The S&P/ASX 200 closed at the session high, up 44 points, or 0.6% at 7205.70, with blue-chip shares rallying into the end of the day. BHP, CBA and Telstra all gained. Data from the Australian Bureau of Statistics showed wages climbed by 0.7% over the three months to December, the fastest quarterly pace since early 2014. The annual lift in the wage price index remained well below inflation at 3.5%, reflecting a decline in real wage rates. The annual increase in private sector pay was 2.4% – steady on the September quarter – while public wages climbed by 2.1% year-on-year, up from 1.6%.

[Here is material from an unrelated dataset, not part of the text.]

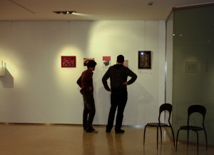 Five minutes into the opening, we had to attach the quotes to the respective paintings, which started a wave of attention to our works. At one particular moment, we had three men watching the artworks together, but when Mal tried to take a shot, another visitor appeared in view ruining the composition. We are still posting the photo, because we think its a “great fail”. (Jackie Chan always posts a footage of stunts gone wrong at the end of his movies as “great fails”).

The Reserve Bank of New Zealand increased the official cash rate (OCR) by 25 basis points and indicated it plans to increase the OCR by a larger scale if required in the coming quarters. The Committee also agreed to commence balance sheet reduction under the Large-Scale Asset Purchase (LSAP). The New Zealand dollar surged on the RBNZ’s hawkish stance.

It is the third time the Reserve Bank increased the cash rate since October last year. RBNZ is ahead of all the other major central banks on the pace of rate hikes, with the benchmark rate leading the global benchmark rates at 1 full percentage.

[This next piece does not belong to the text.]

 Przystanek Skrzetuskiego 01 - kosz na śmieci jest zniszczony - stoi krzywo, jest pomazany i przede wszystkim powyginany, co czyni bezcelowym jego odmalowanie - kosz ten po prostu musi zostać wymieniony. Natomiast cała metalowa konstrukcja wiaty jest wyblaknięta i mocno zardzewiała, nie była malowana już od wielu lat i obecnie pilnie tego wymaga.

Qantas (AU: QAN) is expected to release its half-year earnings results on Thursday 24 February.

Qantas has had to juggle ongoing uncertainty about border reopenings, and has been forced to delay the return of direct flights and services. It has cut capacity and is dealing with staffing issues as a direct result of the Covid-19 pandemic. The airline is expected to provide more details when it reports its half year earnings.

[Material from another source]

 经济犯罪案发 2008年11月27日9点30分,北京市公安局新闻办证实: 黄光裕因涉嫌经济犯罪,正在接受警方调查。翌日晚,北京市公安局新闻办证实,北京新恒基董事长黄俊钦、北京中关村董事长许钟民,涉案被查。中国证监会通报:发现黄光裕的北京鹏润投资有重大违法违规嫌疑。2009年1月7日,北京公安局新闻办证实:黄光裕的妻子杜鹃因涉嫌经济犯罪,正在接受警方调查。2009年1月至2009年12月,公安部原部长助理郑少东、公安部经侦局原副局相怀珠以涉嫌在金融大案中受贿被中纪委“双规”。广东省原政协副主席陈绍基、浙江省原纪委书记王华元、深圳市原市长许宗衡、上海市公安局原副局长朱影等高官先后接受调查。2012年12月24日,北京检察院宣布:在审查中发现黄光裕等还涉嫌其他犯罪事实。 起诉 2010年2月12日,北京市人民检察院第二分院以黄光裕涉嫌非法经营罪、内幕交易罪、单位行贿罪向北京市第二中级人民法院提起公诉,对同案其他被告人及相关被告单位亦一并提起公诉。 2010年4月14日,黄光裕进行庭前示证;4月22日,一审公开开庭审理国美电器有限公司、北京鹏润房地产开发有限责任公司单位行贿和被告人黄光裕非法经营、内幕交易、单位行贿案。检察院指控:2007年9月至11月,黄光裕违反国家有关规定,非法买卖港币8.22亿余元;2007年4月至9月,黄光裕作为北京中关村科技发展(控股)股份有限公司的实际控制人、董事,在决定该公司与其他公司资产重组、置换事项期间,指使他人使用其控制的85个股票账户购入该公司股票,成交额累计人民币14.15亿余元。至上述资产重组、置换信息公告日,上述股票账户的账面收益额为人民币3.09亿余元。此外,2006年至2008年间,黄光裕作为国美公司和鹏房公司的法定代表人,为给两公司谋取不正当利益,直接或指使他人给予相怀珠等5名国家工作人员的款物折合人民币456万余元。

Qantas Airways reported a slightly narrower annual net loss of $1.73 billion in August when its international fleet remained grounded because of Australia's closed borders. The statutory loss for the 12 months ended June 30, including impairments and restructuring charges, was smaller than last year's $1.96 billion loss, which was its second-worst ever. Underlying earnings before interest, tax, depreciation and amortisation of $410 million for the full year.

On January 18 data from the Australian Bureau of Statistics showed that overseas arrivals and departures in December were at their highest volumes since March 2020 as a relaxation in Australia's tough border restrictions drives demand. So there is growing hope of a return to business as usual.

On CMC Markets Invest, 11 analysts have a Buy recommendation on Qantas, there are 2 Hold ratings and 1 Sell.

Flight Centre (AU: FLT) will report half-year earnings on Thursday 24 February.

Flight Centre reported an underlying pre-tax loss of $507.1 million in August 2021, in line with forecasts. The $601.7 million statutory loss compared with a loss of $848.6 million in FY20. An easing of restrictions and rising vaccination rates in some of its key markets saw travel demand surge in the fourth quarter. Its leisure and wholesale business in the US returned to profit by the end of FY21, with overall volumes in the US almost 70% of pre-Covid levels at the end of July. In China, France and Germany volumes reached 80% or more. The phasing out of the JobKeeper subsidy provided a $41 million hit to the company’s bottom line, along with a $42 million increase in underlying costs.

With the share price up  20.5% in the past month after a turbulent January, analysts are suggesting that the travel company’s recovery is already priced into the market. On CMC Markets Invest, there is 1 Buy recommendation, 6 Hold and 3 Sell ratings from analysts.

The Aussie dollar is at US72.23c against the US dollar.

Bitcoin is at $US37,916.

Gold is at $US1899.07 an ounce.

Brent crude oil is around $US96.55 a barrel.

WTI crude oil is at $US93.79 a barrel.